# New but Rough feeling Penn Squall 15?



## jmdesignz2 (Jan 8, 2016)

Just got my first Penn Squall 15. It's got rough feeling bearings outa the box?

Turning the handle the bearings feel slight rough / slight metallic rubbing noise

Not as smooth or silent as my abu 6600 c4.

The sql15's handle clunks when i pull and push on axis to the spool. About 1-2mm of play

Is this normal?


----------



## Mastrbaitr (May 7, 2014)

Penn is famous for its over greased reels.


----------



## DANtheJDMan (Aug 29, 2012)

OK I got a used Squall 12 and I took the bearings out and soaked them in lighter fluid................I did not take the seals off. It helped a little but not a lot. The reel is still pretty slow. 

I'm going to pop one of the seals out on each bearing and go for broke. 

The drag does not seem very smooth either. Can you use Cals Drag grease on a Squall?


----------



## jmdesignz2 (Jan 8, 2016)

My new spin reel penn ssv. 5500 is like silk...


----------



## csurp (Dec 12, 2010)

Here is a shot in the dark. See if you have the mag turned all the way up. The mag carrier may be contacting the spool


----------



## SmoothLures (Feb 13, 2008)

Mastrbaitr said:


> Penn is famous for its over greased reels.


My first thoughts as well...


----------



## ez2cdave (Oct 13, 2008)

The OP mentioned a rough and rubbing problem, along with excessive handle play, which doesn't sound like an over-lubricated reel to me.

To the OP . . . NO, that is NOT "normal" . . . Take the reel back and exchange it !


----------



## Don B (Jul 28, 2001)

The rough feeling could be the gears. The Squall has a stainless steel pinion gear and a bronze main gear while most ABU 6500 size reels have softer brass pinion and main gears.

Don


----------



## SquidHead311 (Jul 24, 2015)

No it is not normal. It sounds like that reel was taken apart by a noob that can't read schematics or even remove a reel handle. Sounds like they took the left plate off and messed up the pinion springs. 

Take it back, or ask for replacement. The pinion may need to be replaced already. 

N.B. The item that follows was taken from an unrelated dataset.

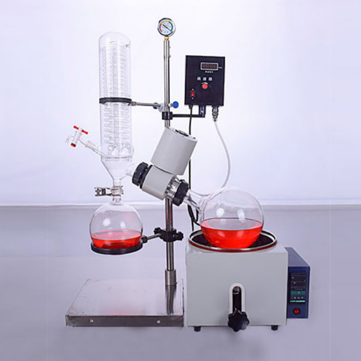 蒸發(fā)瓶恒速旋轉(zhuǎn),水浴鍋恒溫加熱,在此條件下:物料在蒸發(fā)瓶內(nèi)壁形成大面積均勻薄膜快速蒸發(fā),在真空條件下可以提高蒸發(fā)效率(需連接真空裝置),溶媒蒸汽經(jīng)玻璃冷凝盤管時冷卻成液體(需連接冷卻裝置),回收于收集瓶。

Next one clean the whole thing out with non chlorinated brake cleen or something suitable for graphite. You can lube all the non spool bearings with whatever you like. I use 3and1 oil. On spool bearings, my favorite so far is akios reel oil. For gears I've been using a light coating of cals reel grease, but I've used penn and yahmah anti saltwater grease with similar results.


----------



## BPReeds (Jan 11, 2013)

I have 12's....no problems....replaced a star drag spring and a lost knob....the micro drag knob.....you got a lemon......more then enough speed.....for real fishing conditions


----------



## ez2cdave (Oct 13, 2008)

jmdesignz2 said:


> Just got my first Penn Squall 15. It's got rough feeling bearings outa the box?
> 
> Turning the handle the bearings feel slight rough / slight metallic rubbing noise
> 
> ...


So, what happened with your reel ???


----------



## Alexy (Nov 1, 2010)

I had a "slow" Squal 15. I cleaned the bearings and it helped a bit but was still not what I wanted. Took the bearings apart and cleaned the entire gear and pinion of all lube then looked over the unit and the drag washer and the drag tab were both almost locked up tight on the reel due to over tightening when it was assembled. 
once I loosened them up and put it back together it runs like a champ...I still like my old 525's but it is a close 2nd.


----------